In one embodiment, frame 200 is configured to be secured to a host
vehicle 600 and includes a first end 202 to be positioned proximate
the host vehicle 600, a second end 204 positioned distally away
from the first end 202, and side members 208a and 208b extending
between the first end 202 and the second end 204. In one
embodiment, side members 208a and 208b include bends 210a and 210b
which divide side members 208a and 208b into distal portions 212a
and 212b which extend from bends 210a and 210b towards the second
end 204 of frame 200, and proximal portions 214a and 214b which
extend from bends 210a and 210b towards the first end 202 of frame
200. In the embodiments shown in FIGS. 1A-1B, 2A-2C, and 3A-3C,
distal portions 212a and 212b are substantially parallel relative
to each other and proximal portions 214a and 214b converge towards
one or more vehicle connectors 216 that are configured to connect
with host vehicle 600. In the particular configuration shown,
vehicle connector 216 includes a pintle ring 228 for attachment to
host vehicle 600 as mentioned previously.
In one embodiment, frame 200 further includes a first transverse
member 218 and a second transverse member 220 that are joined to
and extend between distal portions 212a and 212b of side members
208a and 208b. In one embodiment, first transverse member 218 and
second transverse member 220 extend substantially parallel to each
other. In one embodiment first transverse member 218 and second
transverse member 220 extend substantially perpendicular to distal
portions 212a and 212b of side members 208a and 208b. In one
embodiment, side members 208a and 208b, first transverse member 218
and second transverse member 220 lie substantially in a common
plane. In one embodiment, one or more arms 300 are connected to the
frame 200 proximate the second end 204 of frame 200. In one
embodiment arms 300 are connected to second transverse member 220
of frame 200. In one embodiment, arms 300 are pivotably connected
to second transverse member 220 of frame 200. In one embodiment,
arms 300 extend from second transverse member 220 towards first end
202 of frame 200. In one embodiment, arms 300 extend below first
transverse member 218 of frame 200. In one embodiment, roller
system 100 includes a plurality of arms 300 extending substantially
parallel to each other and arranged in a row along second
transverse member 220.
In one embodiment, frame 200 further includes a third transverse
member 222 mounted on at least one support 224 extending vertically
from distal portions 212a and 212b. In one embodiment, third
transverse member 222 extends substantially parallel to each of the
first transverse member 218 and the second transverse member 220.

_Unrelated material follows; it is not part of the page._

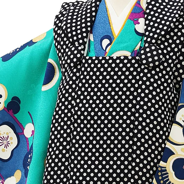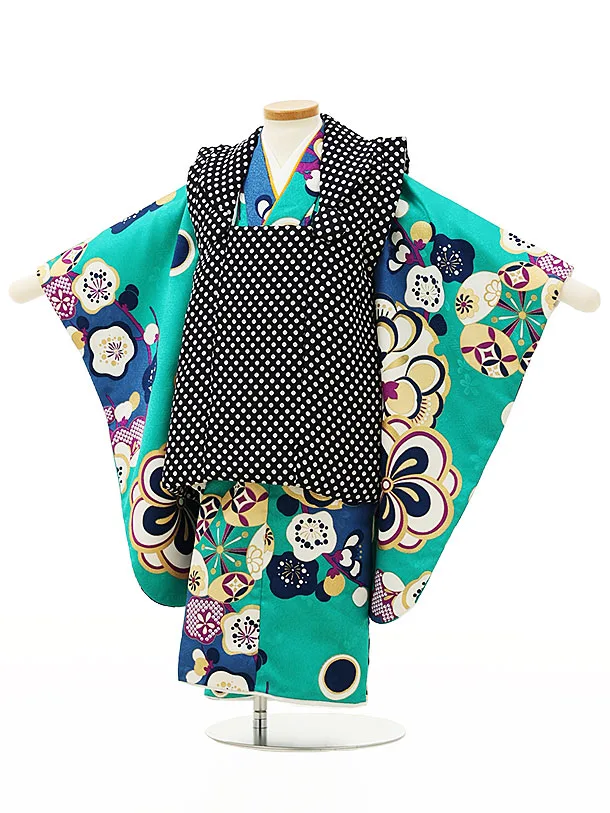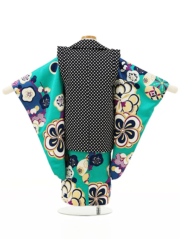七五三レンタル(3歳男児被布)W017黒ドットxエメラルドグリーン梅

In the particular embodiments shown in FIGS. 1A-1B, 2A-2C, and
3A-3C, third transverse member 222 is mounted upon two supports 224
extending from distal portion 212a and two supports 224 extending
from distal portion 212b. In other embodiments, any suitable number
of supports 224 may be used in roller system 100. In some
embodiments, frame 200 includes a fourth transverse member 226. As
shown in FIGS. 2A-2C, and 3A-3C, fourth transverse member 226 may
extend between proximal portions 214a and 214b in a configuration
substantially parallel to first and second transverse members 218
and 220.
Frame 200 may be constructed of any suitable material known in the
art. For example, frame 200 may be constructed from metal (e.g.,
steel, titanium, aluminum, alloys), carbon fiber, fiber glass,
rigid plastics, composites, etc. Frame 200 may be constructed from
solid components or hollow components (e.g., tubing). Furthermore,
frame 200 may be constructed from molded, cast, or machined
components. In some embodiments, the components of frame 200 are
fixed permanently together (e.g., by welding, brazing, soldering,
adhering, fusing, gluing). In some embodiments, frame 200 is
constructed to allow disassembly of frame 200. For example, the
components of frame 200 may be clamped, bolted, or screwed together
in some embodiments. In some embodiments, allowing disassembly of
frame 200 facilitates the transport of roller system 100 and the
replacement of parts. In some embodiments, frame 200 is an
expandable frame such that the width of roller system 100 can
increased or decreased as needed. For example, if the width of
roller system 100 is less than the width of ground surface to be
covered, additional passes of roller system 100 over the ground
surface will be required to ensure complete coverage of the area.
This results in longer clearance times, higher costs, and increased
wear to the roller system 100, problems which can be avoided by
increasing the width of roller system 100. In some embodiments, the
transverse members of frame 200 (e.g., transverse members 218, 220,
222, 226) are removably connected to side members 208a and 208b
such that they can be easily detached from side members 208a and
208b (e.g., without the need for cutting). For example, in some
embodiments, the transverse members are mechanically fastened to
side members 208a and 208b (e.g., using bolts, screws, clamps,
etc.) so as to permit simple disassembly. In some embodiments, the
transverse members may be screwed into side members 208a and 208b.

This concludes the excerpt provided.